California governor defends progressive values, says they’re an ‘antidote’ to populism on the right
SACRAMENTO, Calif. (AP) — Gov. Gavin Newsom used his State of the State address on Tuesday to boost President Joe Biden ahead of Thursday’s pivotal presidential debate, comparing Donald Trump’s version of the Republican Party to the rise of fascism prior to World War II and offering Democrats’ ideals as “an antidote to the poisonous populism of the right.”
Nowhere in Newsom’s speech — which was prerecorded and posted online to his social media channels in a departure from decades of tradition — did he mention Trump or Biden by name.
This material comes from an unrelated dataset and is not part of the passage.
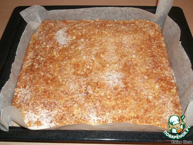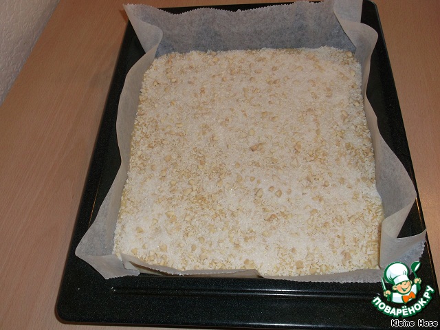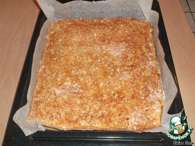 Тесто выливаем в застеленную бумагой для выпечки прямоугольную форму 30x40 см (у меня 30x27 по основанию).

But he used some of Trump’s most incendiary statements to offer a dark contrast of the choice facing Americans in November, comparing it to the eve of World War II when “fascism spread its hate and destruction throughout Europe.”
“When they speak of immigrants poisoning American blood, and of mass deportations and detention camps, this is the language of destruction — of 1939,” Newsom said.
Trump made those comments about immigrants “poisoning the blood of our country” during a campaign rally in Iowa last year, later saying he did not know that Adolf Hitler had once said something similar. Still, the comments have become a key talking point for the left as they paint Trump’s candidacy as a warning for a dark future.